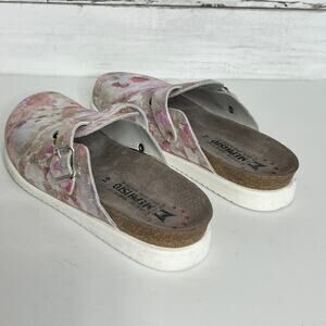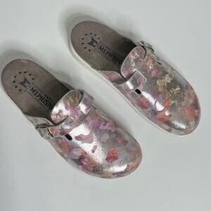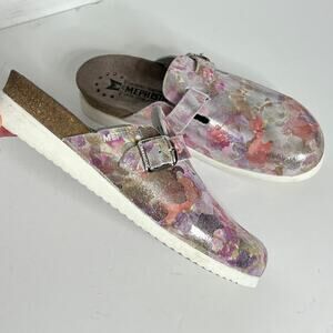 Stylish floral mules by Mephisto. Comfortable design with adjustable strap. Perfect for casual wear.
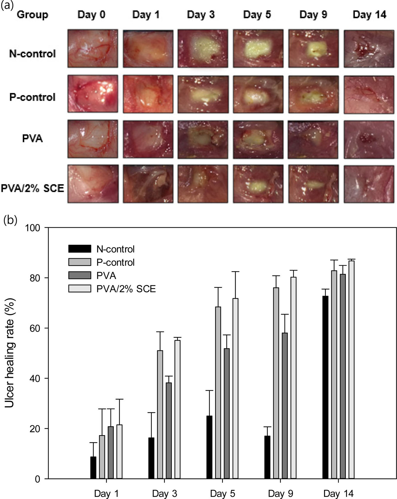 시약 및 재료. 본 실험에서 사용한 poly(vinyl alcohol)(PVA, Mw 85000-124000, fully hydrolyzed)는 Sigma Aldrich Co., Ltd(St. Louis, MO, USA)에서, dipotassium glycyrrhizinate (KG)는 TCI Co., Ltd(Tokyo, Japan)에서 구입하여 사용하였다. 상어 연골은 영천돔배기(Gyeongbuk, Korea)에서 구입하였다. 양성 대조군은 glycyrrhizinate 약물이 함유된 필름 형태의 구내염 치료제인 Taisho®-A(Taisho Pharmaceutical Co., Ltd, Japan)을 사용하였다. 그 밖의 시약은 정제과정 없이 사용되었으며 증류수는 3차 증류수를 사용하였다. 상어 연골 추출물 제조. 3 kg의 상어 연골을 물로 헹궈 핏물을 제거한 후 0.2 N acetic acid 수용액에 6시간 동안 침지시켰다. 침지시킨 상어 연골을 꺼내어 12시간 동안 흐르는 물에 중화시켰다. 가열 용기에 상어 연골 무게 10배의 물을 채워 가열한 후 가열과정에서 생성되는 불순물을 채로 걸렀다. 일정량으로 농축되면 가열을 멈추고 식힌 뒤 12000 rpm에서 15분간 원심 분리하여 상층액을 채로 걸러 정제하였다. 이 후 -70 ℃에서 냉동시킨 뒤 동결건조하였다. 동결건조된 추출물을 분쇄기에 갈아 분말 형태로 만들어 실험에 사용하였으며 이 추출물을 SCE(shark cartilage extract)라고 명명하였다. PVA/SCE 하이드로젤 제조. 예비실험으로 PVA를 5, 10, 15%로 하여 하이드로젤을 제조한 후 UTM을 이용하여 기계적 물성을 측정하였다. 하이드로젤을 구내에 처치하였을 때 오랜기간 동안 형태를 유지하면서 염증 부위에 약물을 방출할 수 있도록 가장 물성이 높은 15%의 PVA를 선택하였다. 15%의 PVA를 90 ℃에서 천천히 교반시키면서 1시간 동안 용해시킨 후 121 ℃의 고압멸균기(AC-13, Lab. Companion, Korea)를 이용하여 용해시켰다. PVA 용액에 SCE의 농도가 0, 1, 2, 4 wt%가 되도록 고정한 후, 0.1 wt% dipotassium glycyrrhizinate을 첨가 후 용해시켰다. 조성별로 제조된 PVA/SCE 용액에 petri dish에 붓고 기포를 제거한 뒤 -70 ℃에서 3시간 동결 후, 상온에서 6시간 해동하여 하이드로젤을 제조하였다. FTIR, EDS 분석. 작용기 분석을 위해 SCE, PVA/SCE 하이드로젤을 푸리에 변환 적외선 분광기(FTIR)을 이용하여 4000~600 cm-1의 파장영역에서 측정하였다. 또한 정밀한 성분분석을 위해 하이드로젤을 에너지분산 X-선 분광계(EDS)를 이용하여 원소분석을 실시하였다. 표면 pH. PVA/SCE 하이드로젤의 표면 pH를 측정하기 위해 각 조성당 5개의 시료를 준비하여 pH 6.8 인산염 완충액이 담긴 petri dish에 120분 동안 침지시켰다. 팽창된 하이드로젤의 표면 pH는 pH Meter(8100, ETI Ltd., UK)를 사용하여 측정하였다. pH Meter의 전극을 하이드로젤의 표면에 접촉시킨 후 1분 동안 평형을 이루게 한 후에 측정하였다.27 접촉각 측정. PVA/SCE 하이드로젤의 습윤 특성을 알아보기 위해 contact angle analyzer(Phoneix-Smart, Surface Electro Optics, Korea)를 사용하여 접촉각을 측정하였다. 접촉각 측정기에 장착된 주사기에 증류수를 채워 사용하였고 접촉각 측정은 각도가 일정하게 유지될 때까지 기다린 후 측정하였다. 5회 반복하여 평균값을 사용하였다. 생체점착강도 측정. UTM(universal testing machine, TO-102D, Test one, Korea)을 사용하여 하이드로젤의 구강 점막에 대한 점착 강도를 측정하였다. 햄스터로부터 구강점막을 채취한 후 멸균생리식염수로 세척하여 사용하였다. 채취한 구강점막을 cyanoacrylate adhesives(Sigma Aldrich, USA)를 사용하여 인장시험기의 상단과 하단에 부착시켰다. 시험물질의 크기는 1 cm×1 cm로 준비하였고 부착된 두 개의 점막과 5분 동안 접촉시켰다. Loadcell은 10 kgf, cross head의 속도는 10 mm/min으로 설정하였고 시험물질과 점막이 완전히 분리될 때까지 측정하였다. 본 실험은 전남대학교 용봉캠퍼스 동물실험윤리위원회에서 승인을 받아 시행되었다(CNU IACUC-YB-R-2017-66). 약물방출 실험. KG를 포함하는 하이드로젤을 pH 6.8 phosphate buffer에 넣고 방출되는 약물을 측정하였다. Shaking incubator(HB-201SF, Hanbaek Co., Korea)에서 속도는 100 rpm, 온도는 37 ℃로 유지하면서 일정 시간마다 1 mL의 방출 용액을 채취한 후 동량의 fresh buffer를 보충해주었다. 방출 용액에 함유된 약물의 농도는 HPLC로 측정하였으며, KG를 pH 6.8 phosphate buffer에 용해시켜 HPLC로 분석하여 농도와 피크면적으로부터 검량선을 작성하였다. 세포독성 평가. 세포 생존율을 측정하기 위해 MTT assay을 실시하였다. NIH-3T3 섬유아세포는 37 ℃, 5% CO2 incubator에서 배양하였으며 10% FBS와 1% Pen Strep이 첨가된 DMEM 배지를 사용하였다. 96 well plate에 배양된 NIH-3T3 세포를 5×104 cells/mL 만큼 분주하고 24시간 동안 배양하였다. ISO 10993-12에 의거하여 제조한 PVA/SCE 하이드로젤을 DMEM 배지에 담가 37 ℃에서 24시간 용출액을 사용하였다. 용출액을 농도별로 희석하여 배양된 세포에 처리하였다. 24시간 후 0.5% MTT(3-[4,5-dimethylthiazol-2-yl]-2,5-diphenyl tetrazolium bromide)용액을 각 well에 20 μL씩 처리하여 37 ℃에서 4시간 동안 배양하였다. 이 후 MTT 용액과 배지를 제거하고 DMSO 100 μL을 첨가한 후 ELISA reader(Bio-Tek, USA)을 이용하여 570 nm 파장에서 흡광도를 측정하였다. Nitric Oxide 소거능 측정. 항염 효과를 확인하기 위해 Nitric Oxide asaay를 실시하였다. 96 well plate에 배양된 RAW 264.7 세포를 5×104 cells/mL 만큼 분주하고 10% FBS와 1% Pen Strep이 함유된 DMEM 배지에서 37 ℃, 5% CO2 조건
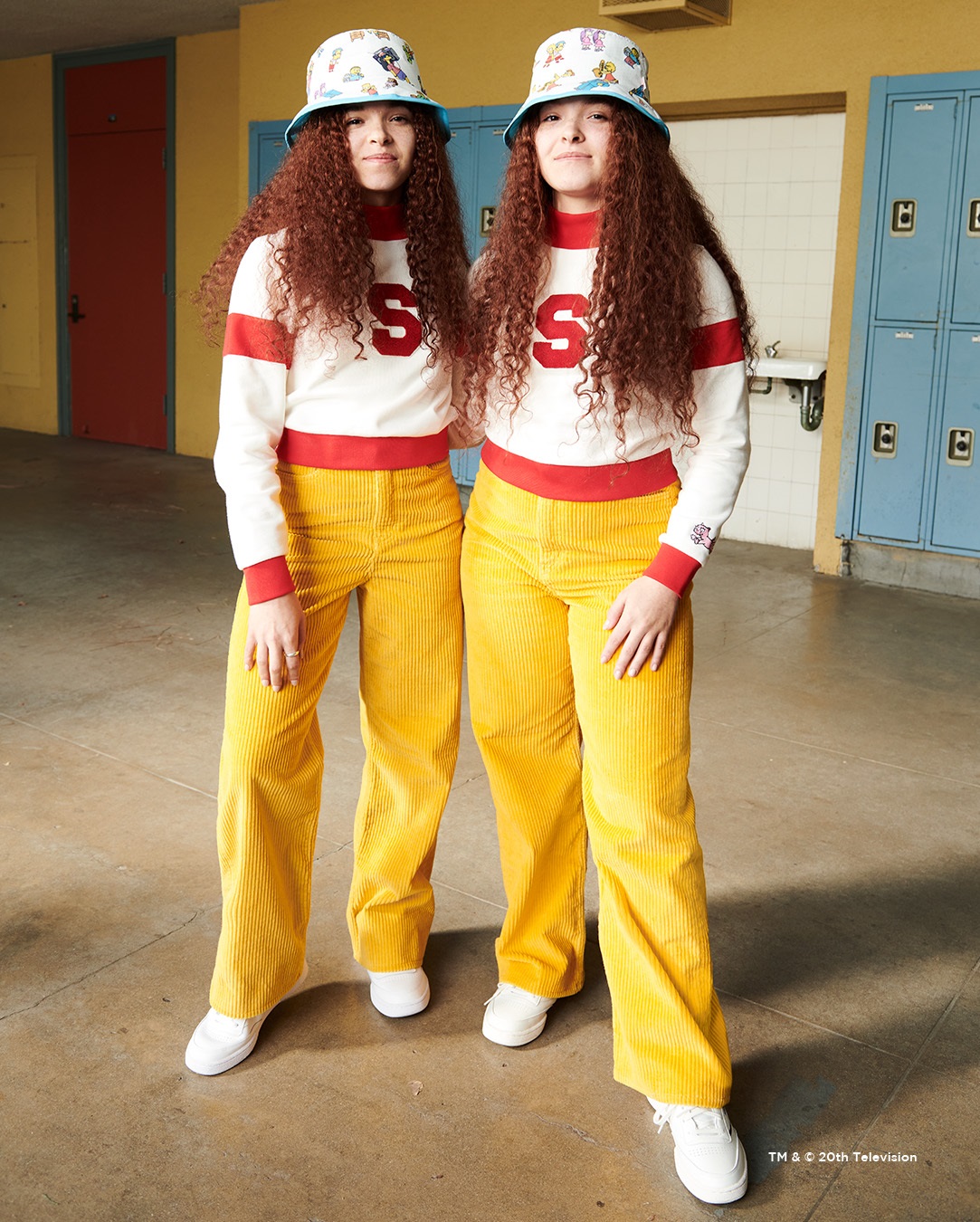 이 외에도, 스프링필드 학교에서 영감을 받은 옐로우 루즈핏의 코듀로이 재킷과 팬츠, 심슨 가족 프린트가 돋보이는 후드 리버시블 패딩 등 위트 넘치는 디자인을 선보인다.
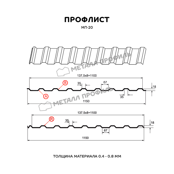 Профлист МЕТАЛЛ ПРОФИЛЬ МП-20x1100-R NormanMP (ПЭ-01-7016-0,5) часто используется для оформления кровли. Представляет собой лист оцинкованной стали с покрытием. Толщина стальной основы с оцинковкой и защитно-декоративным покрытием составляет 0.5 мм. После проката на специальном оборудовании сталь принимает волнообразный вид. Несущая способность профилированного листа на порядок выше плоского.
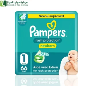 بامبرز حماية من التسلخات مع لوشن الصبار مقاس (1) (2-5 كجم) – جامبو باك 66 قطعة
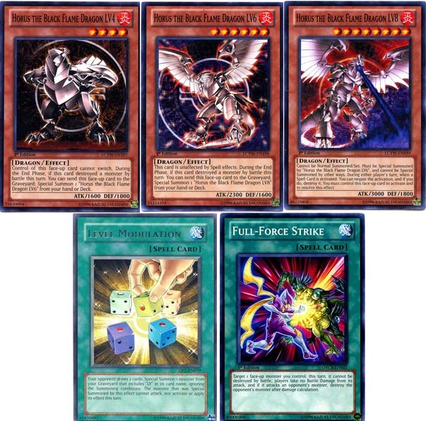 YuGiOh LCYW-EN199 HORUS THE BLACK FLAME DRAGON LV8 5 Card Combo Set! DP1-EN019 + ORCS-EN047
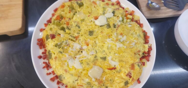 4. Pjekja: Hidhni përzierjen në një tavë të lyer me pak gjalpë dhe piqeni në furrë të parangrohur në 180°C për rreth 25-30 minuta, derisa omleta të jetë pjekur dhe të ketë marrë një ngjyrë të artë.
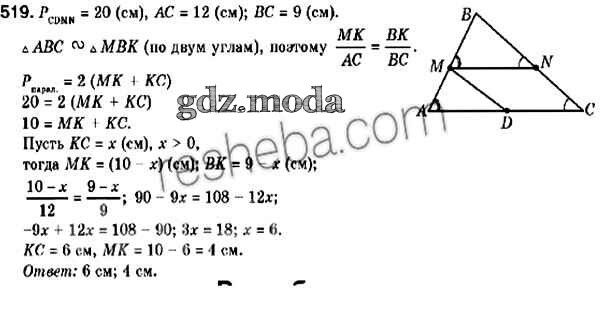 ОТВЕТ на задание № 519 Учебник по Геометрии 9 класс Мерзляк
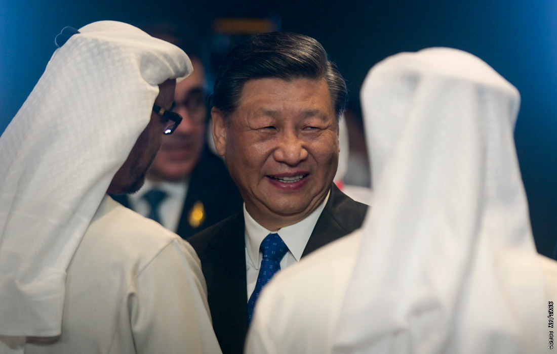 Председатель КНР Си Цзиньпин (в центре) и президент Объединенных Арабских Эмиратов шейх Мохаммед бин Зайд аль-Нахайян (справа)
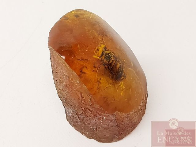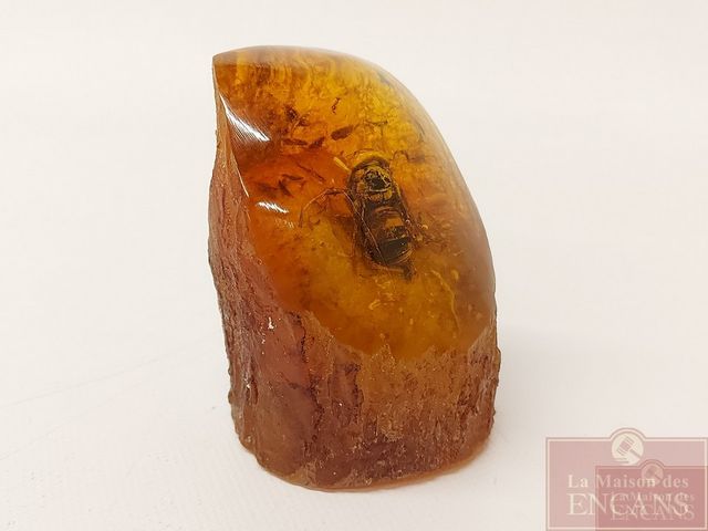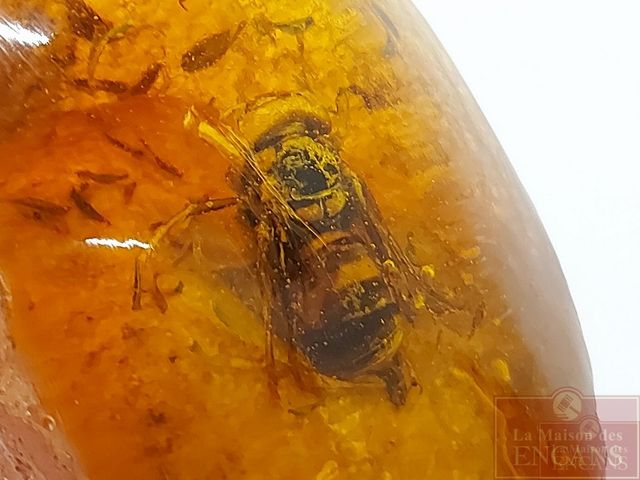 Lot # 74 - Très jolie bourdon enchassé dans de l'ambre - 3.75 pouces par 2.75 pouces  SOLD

__________

# [Your objective]
Output, exactly and only: the line containing "YuGiOh LCYW-EN199 HORUS", the last line of the listing above, and every line in between. Leave the pictures out.

# [Solution to the problem]
 YuGiOh LCYW-EN199 HORUS THE BLACK FLAME DRAGON LV8 5 Card Combo Set! DP1-EN019 + ORCS-EN047
 4. Pjekja: Hidhni përzierjen në një tavë të lyer me pak gjalpë dhe piqeni në furrë të parangrohur në 180°C për rreth 25-30 minuta, derisa omleta të jetë pjekur dhe të ketë marrë një ngjyrë të artë.
 ОТВЕТ на задание № 519 Учебник по Геометрии 9 класс Мерзляк
 Председатель КНР Си Цзиньпин (в центре) и президент Объединенных Арабских Эмиратов шейх Мохаммед бин Зайд аль-Нахайян (справа)
 Lot # 74 - Très jolie bourdon enchassé dans de l'ambre - 3.75 pouces par 2.75 pouces  SOLD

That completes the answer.